YOUR OBJECTIVE:
Take the lines from the line containing "かき揚げ100円引きクーポン" through the end of the entries and output them exactly, with no pictures and nothing more.

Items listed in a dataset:

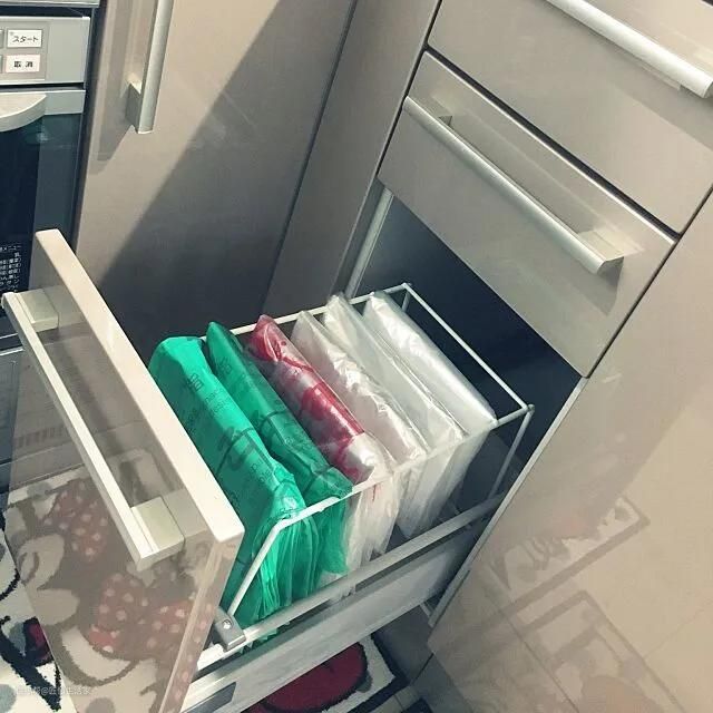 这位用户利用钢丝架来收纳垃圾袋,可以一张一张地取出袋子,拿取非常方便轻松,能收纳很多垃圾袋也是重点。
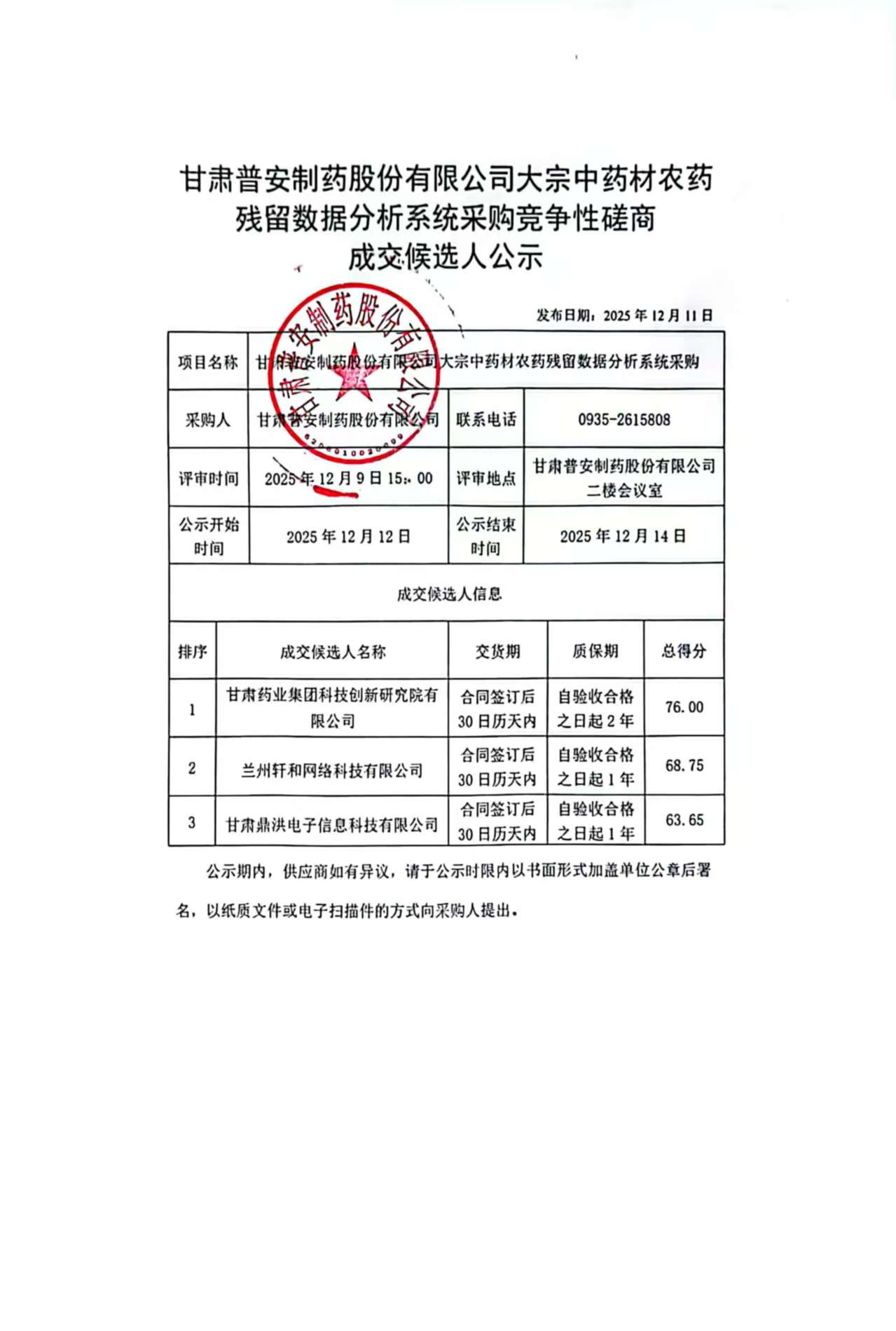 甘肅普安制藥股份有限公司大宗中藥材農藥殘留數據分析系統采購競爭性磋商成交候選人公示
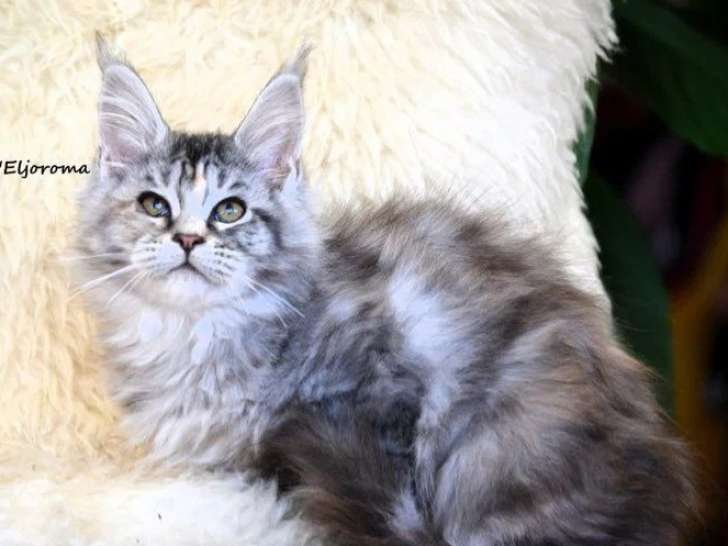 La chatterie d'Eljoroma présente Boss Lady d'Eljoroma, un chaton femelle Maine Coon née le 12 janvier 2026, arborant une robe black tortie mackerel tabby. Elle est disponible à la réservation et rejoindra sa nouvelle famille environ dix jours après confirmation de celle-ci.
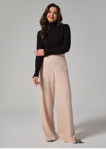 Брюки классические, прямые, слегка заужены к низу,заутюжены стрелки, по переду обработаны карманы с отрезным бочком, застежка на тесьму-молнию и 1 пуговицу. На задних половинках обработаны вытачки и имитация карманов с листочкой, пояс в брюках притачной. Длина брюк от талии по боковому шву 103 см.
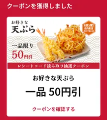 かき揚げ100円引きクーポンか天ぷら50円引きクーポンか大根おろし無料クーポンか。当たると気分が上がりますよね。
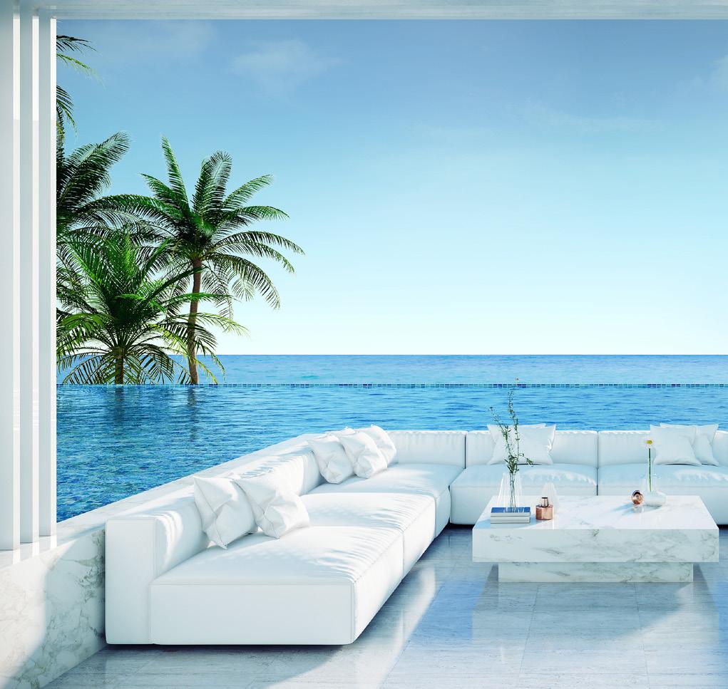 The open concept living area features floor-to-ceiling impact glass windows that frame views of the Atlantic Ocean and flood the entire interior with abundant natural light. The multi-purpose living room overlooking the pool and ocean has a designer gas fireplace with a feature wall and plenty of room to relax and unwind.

OUTPUT:
 かき揚げ100円引きクーポンか天ぷら50円引きクーポンか大根おろし無料クーポンか。当たると気分が上がりますよね。
 The open concept living area features floor-to-ceiling impact glass windows that frame views of the Atlantic Ocean and flood the entire interior with abundant natural light. The multi-purpose living room overlooking the pool and ocean has a designer gas fireplace with a feature wall and plenty of room to relax and unwind.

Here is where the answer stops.